Drohnen im Rettungseinsatz

Während der Messe „Interschutz“ in Hannover stellte Prof. Dr. Hartmut Surmann auf dem Stand des Deutschen Rettungsrobotik-Zentrums und der Feuerwehr Dortmund seine Einsätze mit Erkundungsrobotern und -drohnen während der letzten zwei Jahre aus, in denen er in Berlin, in Erftstadt und in Essen bei Unglücksfällen vor Ort war. Foto: WH/Hartmut Surmann

(BL) Prof. Dr. Hartmut Surmann von der Gelsenkirchener Fachgruppe Informatik nahm im Juli gemeinsam mit Studenten an der Messe „Interschutz“ in Hannover teil. Sein Thema: Wie Drohnen im Katastropheneinsatz bei der Erkundung von Unglücksorten helfen können und welche Einsätze sie in den letzten zwei Jahren geflogen sind.

Eigentlich hätte die letzte Interschutz-Messe in ihrem üblichen Fünfjahresrhythmus bereits 2020 stattfinden sollen. Wegen der Corona-Pandemie wurde sie zwei Mal verschoben, jetzt war es wieder so weit: Im Juli trafen sich in Hannover Experten und Expertinnen aus dem Rettungsdienst, der Sicherheit sowie dem Brand- und Katastrophenschutz. Mit dabei: Prof. Dr. Hartmut Surmann, Master- und Bachelor-Studenten der Fachgruppe Informatik und als Exponate die Erkundungsdrohnen, die Surmann im Laufe der letzten zwei Jahre bei Rettungseinsätzen in Berlin (Großbrand, Trikon-Ausgabe 3/2021), in Erftstadt (Überschwemmungskatastrophe an der Ahr, Trikon-Ausgabe 5/2021) und in Essen (Wohnhausbrand, Trikon-Ausgabe 3/2022) im Einsatz hatte.

„Unsere Drohnen bieten zwei Besonderheiten“, so Surmann, „zum einen liefern sie mit 360-Grad-Kameras nicht nur beeindruckende Panoramen des Einsatzgeschehens, sondern auch raumzeitliche Koordinatenpunktwolken, aus denen sich die Lage extrem genau ermitteln lässt. Zum anderen sind die Drohnen so klein, dass sie auch in einsturzgefährdete und enge Innenräume fliegen können.“ Bei ihrem Einsatz in Essen nutzte Surmann eine FPV-Drohne, wobei die Abkürzung FPV für „First Person View“ steht und die Steuerung der Drohne aus der Perspektive eines virtuellen Piloten an Bord meint. Surmann: „Meinem Wissen nach war das der erste Realeinsatz einer FPV-Drohne mit 360-Grad-Kamera und der Erzeugung eines 3-D-Punktwolke-Modells des Innenraums.“ Entsprechend umlagert war der Messestand von Interessenten und Interessentinnen.

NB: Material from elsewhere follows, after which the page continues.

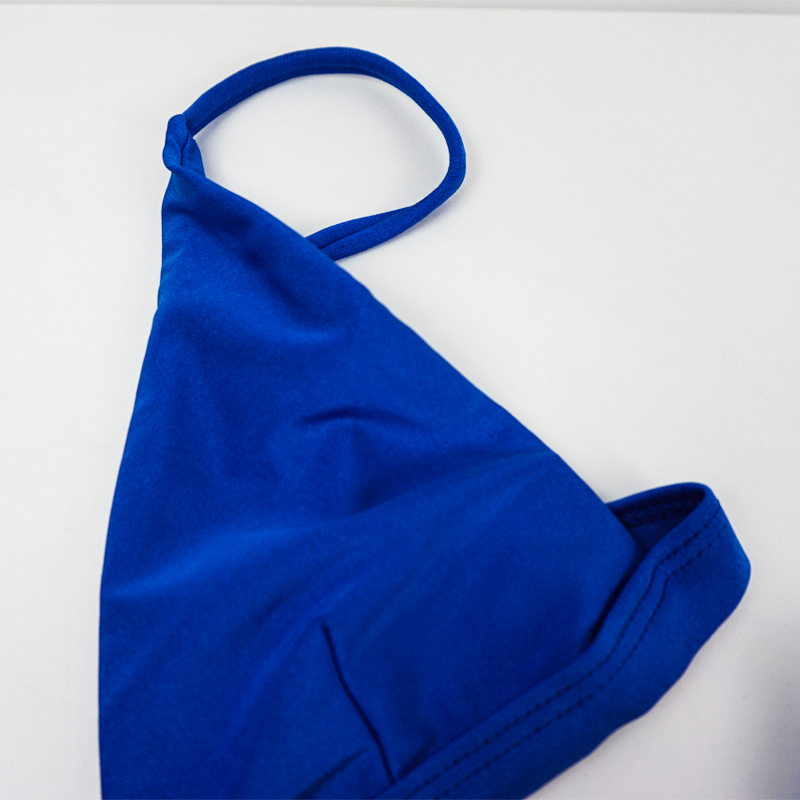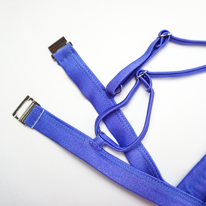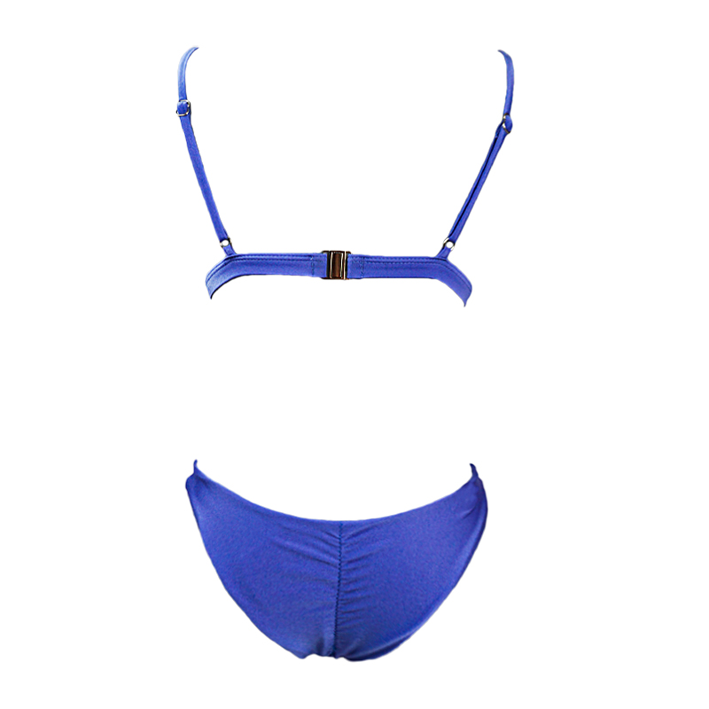 blue back buckle adjustable strap top and triangle ruched bottom

Bei der Messedokumentation auf Youtube sind ein 360-Grad-Video zu finden, wie ein Roboter eine Tür öffnet und einen Absperrhahn schließt (https://www.youtube.com/watch?v=089mcgHA4CE) und der Vortrag von Hartmut Surmann zum kombinierten Drohneneinsatz und zu digitalen Lagemodellen (https://www.youtube.com/watch?v=x9Ifo3ZTCy8).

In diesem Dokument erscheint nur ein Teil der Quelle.